Alex: The declining impact of aggregated startup funding data is good news

I went to university in Chicago when the city was at once feeling overlooked by the major American tech hubs and their denizens, and Groupon was blowing up. I attended Uber’s local launch party when the platform only offered black cars. It was a different world: A world in which Silicon Valley mattered most, New York City and Boston mattered some and the rest of the country was a blank space for venture capital activity.

Back then, changes to how one particular city or state was doing were important. And in the following years, things stayed mostly the same. Utah’s rise as a state that startups hired sales talent from was a trend. Then Utah kicked out a bunch of unicorns and became an established hub.

So too, Chicago, with its own crop of successful startups in recent years. And, frankly, Austin and LA and Atlanta and, well, you get the picture.

What this means is that TechCrunch’s dives into startup data have started to sound the same — or at least close enough for them to blur together — as every startup market at is growing at the same time as the number of startup markets has expanded to boot.

So, aggregated startup data by city, state or even nation, has become a retelling of good news of late. It’s all pretty much “up and to the right,” with minor fluctuations. This has led to data mattering less, as the delta between markets simply matters less than it once did. You can build anywhere today, and, therefore, you can mostly raise anywhere as well.

Couple this to the trend that has become extra pronounced in the last year of startups building from day one with distributed teams, and where a startup is “based” has lost a lot of its meaning as well. Perhaps this means that global numbers or data stemming from larger geographic areas matters more than before?

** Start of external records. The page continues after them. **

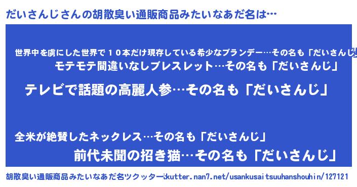| 意味不明あだ名 | 『自称だいさんじ』『永久保存だいさんじ』 |
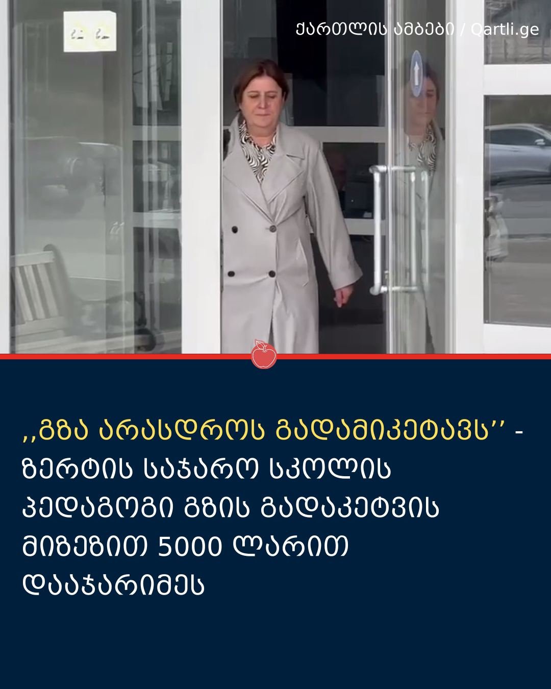 გორის მუნიციპალიტეტის სოფელ ზერტის საჯარო სკოლის პედაგოგი, ლალი ზუბიაშვილი 5000 ლარით დააჯარიმეს. მას შსს რუსთაველის გამზირზე ხელოვნურად გზის გადაკეტვას ედავება, რასაც პედაგოგი არ ადასტურებს და ამბობს რომ მას გზა არასდროს გადაუკეტავს:
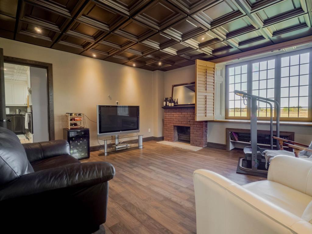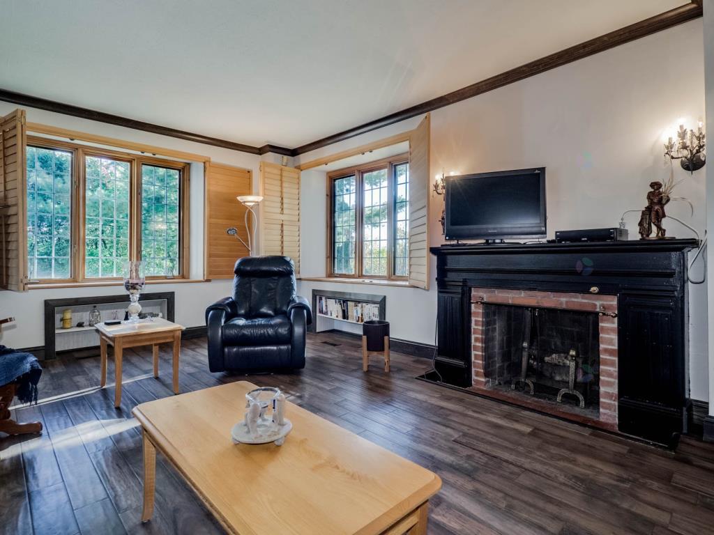 Le salon principal, spacieux et invitant, constitue un espace parfait pour profiter de soirées cinéma ou simplement se détendre au coin du feu. L’un des trois foyers au bois de la maison y ajoute une touche de chaleur et de confort, créant une ambiance apaisante et réconfortante.
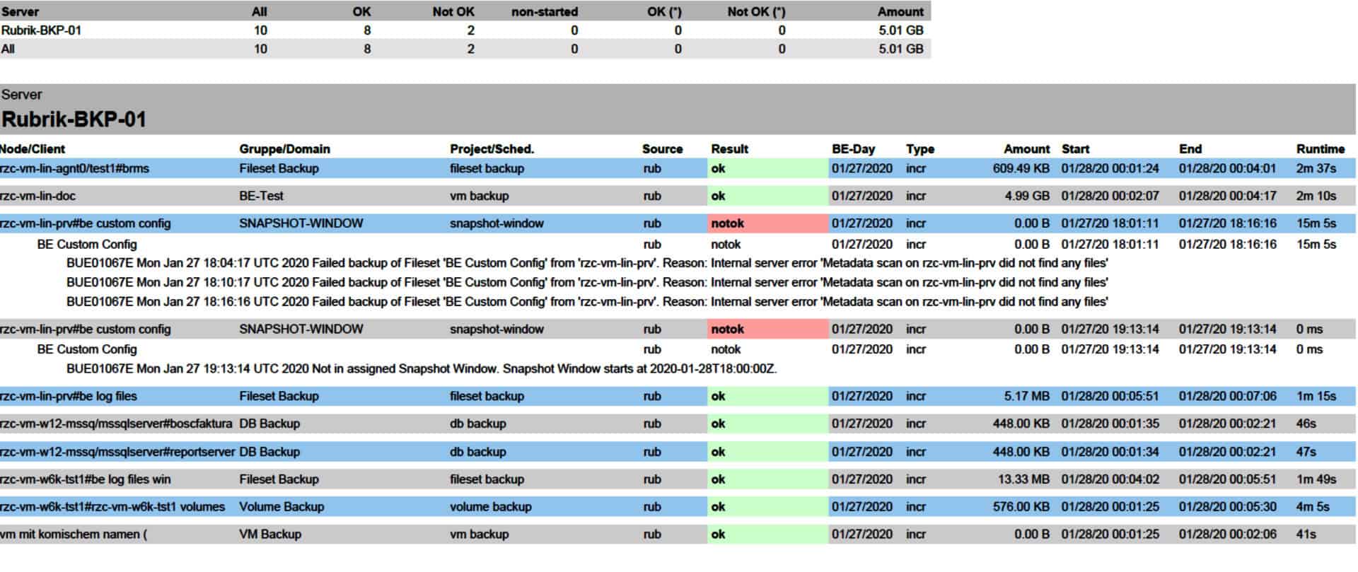 BACKUP EAGLE® Backup Reporting for Rubrik includes all evidence of your backup jobs and configuration changes as well as reports and evaluations of your Rubrik environment.
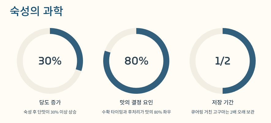 - 숙성 기간: 고구마의 전분이 당분으로 변하는 시간입니다. 수확 후 서늘한 곳(12~15도)에서 1~2주 정도 숙성시킨 뒤 드시면 훨씬 깊은 단맛을 느낄 수 있습니다.
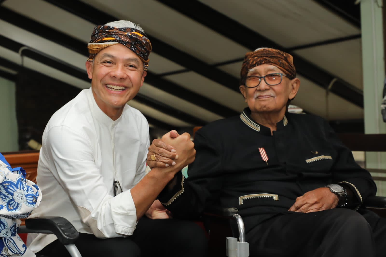 Bacapres Ganjar Pranowo menyambangi Solihin Gautama Purwanegara (Solihin GP) di kediamannya yang berada di kawasan Coblong, Kota Bandung, Jawa Barat, Rabu (4/10). (Tim Ganjar untuk JawaPos.com)
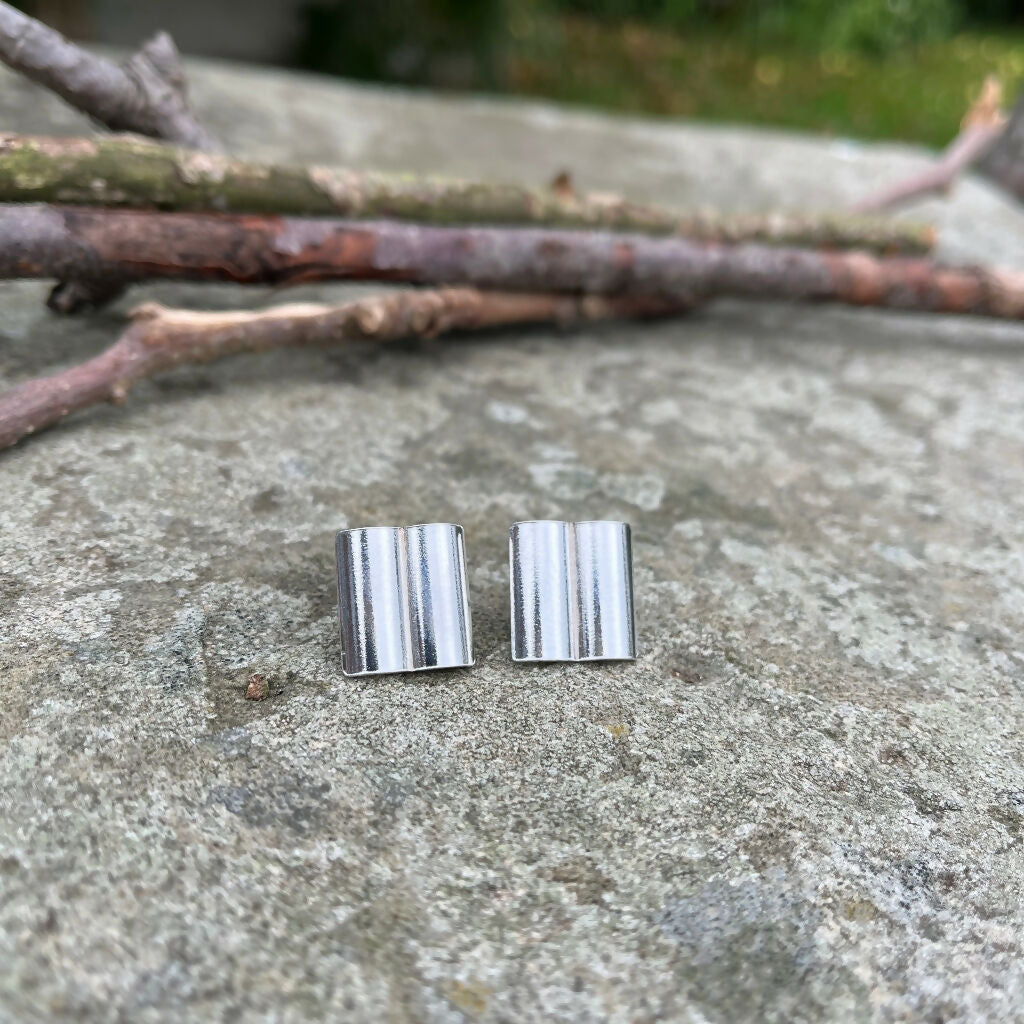 These smart handmade square sterling silver stud earrings will dress up any outfit instantly. These contemporary ear-studs have a shiny polished finish and a post and butterfly scroll fitting.

All I can say is that parsing venture capital data on a time-series basis used to be somewhat exciting. Today it’s boring. I could write your Q4 reports now: In a groundbreaking set of results, venture capital activity turned in a strong fourth quarter, capping off a wild year for startups around the world. Record sums were raised in nearly every market. You get the idea.

And if we can guess it from a distance, is it really worth reporting on?